A verbatim reproduction of the lines below, from the line containing "Ruijie(config)#monitor session 1" through the line containing "Stunning move-in ready", both ends included, is the whole required output.

> _Supplied data_
________________________________________
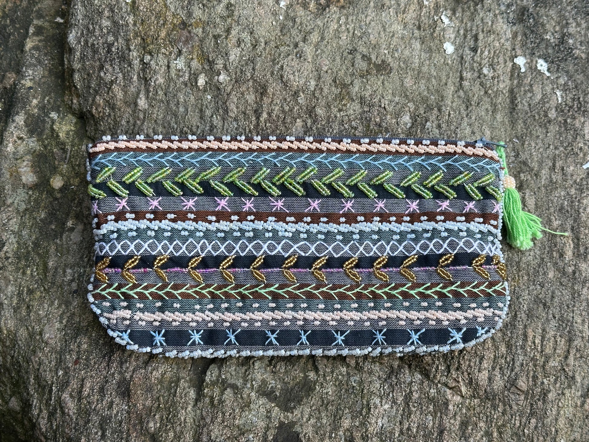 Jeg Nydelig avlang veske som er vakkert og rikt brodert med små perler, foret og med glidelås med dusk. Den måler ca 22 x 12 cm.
________________________________________
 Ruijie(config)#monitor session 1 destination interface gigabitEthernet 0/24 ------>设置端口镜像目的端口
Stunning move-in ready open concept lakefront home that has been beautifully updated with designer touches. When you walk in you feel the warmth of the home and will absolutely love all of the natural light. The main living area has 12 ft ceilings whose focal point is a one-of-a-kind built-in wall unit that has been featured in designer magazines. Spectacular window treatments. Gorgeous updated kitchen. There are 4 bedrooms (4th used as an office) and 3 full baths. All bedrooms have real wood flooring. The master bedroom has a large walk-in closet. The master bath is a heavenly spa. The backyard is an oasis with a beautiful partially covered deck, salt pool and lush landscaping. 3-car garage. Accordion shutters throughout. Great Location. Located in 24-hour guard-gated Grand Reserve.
________________________________________
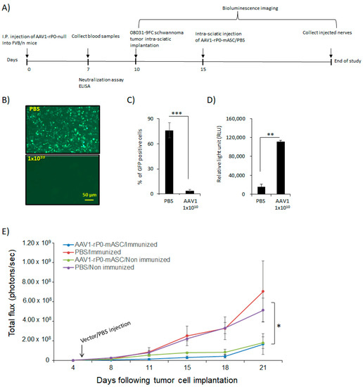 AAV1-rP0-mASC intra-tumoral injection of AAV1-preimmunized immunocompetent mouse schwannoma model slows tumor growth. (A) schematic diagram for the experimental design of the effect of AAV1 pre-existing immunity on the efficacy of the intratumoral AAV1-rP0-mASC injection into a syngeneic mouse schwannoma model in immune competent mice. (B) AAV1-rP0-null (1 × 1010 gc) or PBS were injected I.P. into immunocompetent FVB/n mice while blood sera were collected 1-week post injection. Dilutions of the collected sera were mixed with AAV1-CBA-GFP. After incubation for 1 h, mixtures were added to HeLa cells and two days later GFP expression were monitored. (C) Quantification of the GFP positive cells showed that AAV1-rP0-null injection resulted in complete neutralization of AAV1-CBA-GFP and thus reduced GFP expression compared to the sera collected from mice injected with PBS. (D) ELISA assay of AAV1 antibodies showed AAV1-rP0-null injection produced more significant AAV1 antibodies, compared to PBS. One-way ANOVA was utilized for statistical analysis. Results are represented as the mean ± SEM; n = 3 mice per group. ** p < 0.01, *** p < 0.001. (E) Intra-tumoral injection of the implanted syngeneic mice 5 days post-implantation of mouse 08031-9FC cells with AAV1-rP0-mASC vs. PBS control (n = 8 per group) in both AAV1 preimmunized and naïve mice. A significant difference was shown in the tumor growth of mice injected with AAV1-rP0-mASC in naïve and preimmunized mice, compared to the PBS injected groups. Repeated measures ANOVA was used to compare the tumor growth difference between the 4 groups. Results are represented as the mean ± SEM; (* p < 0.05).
________________________________________
> _Exercise response_
 Ruijie(config)#monitor session 1 destination interface gigabitEthernet 0/24 ------>设置端口镜像目的端口
Stunning move-in ready open concept lakefront home that has been beautifully updated with designer touches. When you walk in you feel the warmth of the home and will absolutely love all of the natural light. The main living area has 12 ft ceilings whose focal point is a one-of-a-kind built-in wall unit that has been featured in designer magazines. Spectacular window treatments. Gorgeous updated kitchen. There are 4 bedrooms (4th used as an office) and 3 full baths. All bedrooms have real wood flooring. The master bedroom has a large walk-in closet. The master bath is a heavenly spa. The backyard is an oasis with a beautiful partially covered deck, salt pool and lush landscaping. 3-car garage. Accordion shutters throughout. Great Location. Located in 24-hour guard-gated Grand Reserve.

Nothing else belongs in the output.